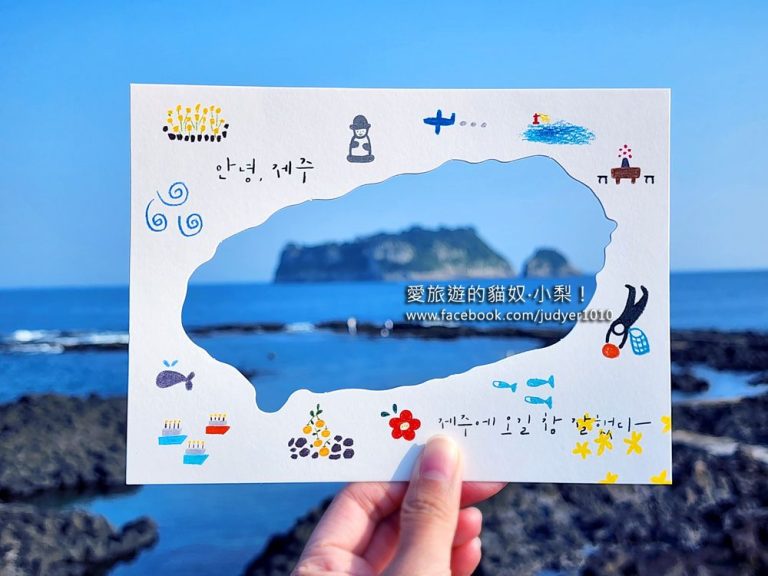 濟州島必買 \ 細花氏文具店的濟州島輪廓鏤空明信片,濟州島拍照必備!
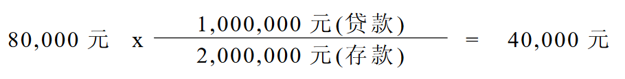 例子5的1,000,000元貸款以一筆產生80,000元免稅利息的2,000,000元存款作為唯一的保證。可扣除的利息支出金額將減少40,000元,其計算如下:
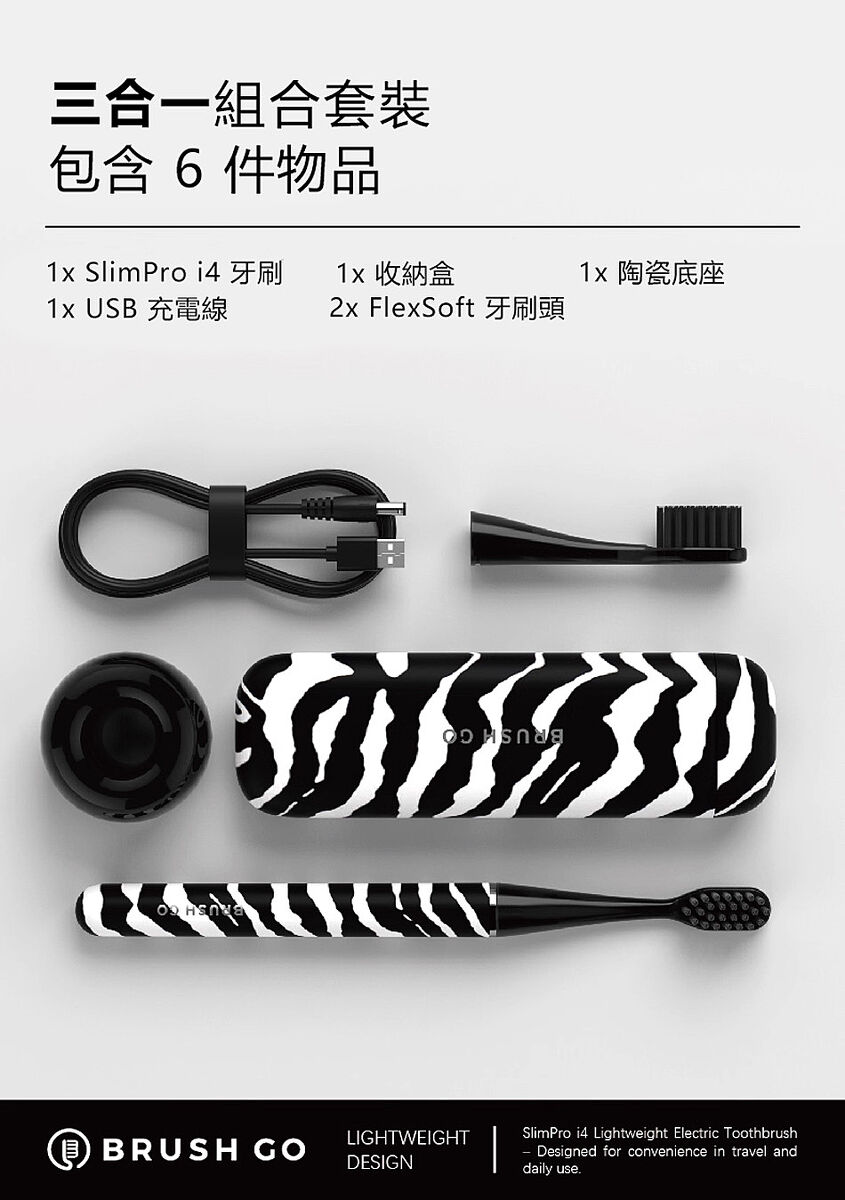 內容物:電動牙刷,收納盒,陶瓷底座,充電線,牙刷頭x2

_Task goal:_
Would you copy all of the data exactly? Keep the pictures out of it.

_Answer section:_
 濟州島必買 \ 細花氏文具店的濟州島輪廓鏤空明信片,濟州島拍照必備!
 例子5的1,000,000元貸款以一筆產生80,000元免稅利息的2,000,000元存款作為唯一的保證。可扣除的利息支出金額將減少40,000元,其計算如下:
 內容物:電動牙刷,收納盒,陶瓷底座,充電線,牙刷頭x2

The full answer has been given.